How to complete this task:
Below are some entries. Repeat exactly the lines from the one with "為營造石化園區(qū)內(n" through the one with "Sac de frappe", and only those.

Recorded information:
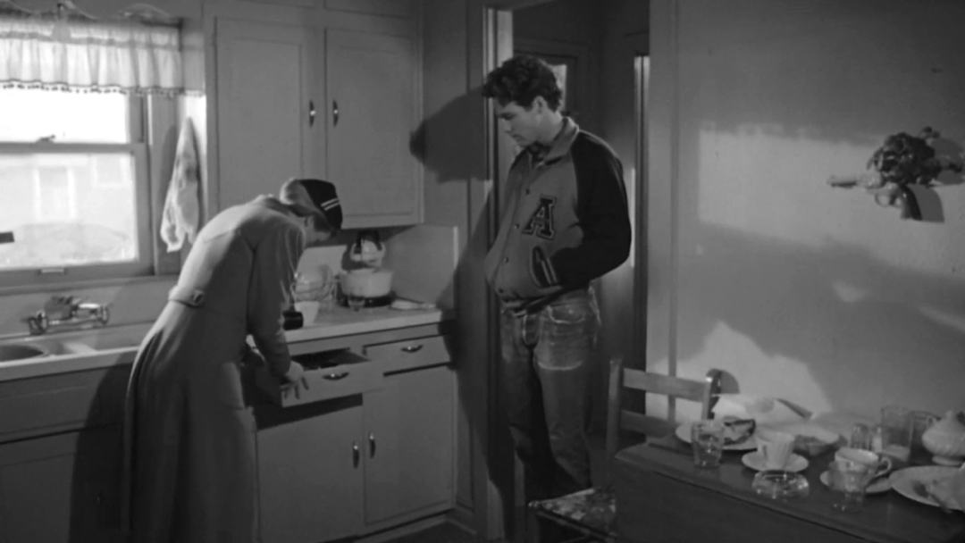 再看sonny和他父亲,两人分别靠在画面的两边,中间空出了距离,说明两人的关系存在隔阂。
* * *
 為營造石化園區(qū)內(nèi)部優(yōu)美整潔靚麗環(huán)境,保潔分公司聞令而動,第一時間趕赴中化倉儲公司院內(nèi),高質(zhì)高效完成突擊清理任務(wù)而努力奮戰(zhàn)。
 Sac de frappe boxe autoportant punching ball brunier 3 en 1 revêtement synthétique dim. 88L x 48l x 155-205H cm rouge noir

Exercise result:
 為營造石化園區(qū)內(nèi)部優(yōu)美整潔靚麗環(huán)境,保潔分公司聞令而動,第一時間趕赴中化倉儲公司院內(nèi),高質(zhì)高效完成突擊清理任務(wù)而努力奮戰(zhàn)。
 Sac de frappe boxe autoportant punching ball brunier 3 en 1 revêtement synthétique dim. 88L x 48l x 155-205H cm rouge noir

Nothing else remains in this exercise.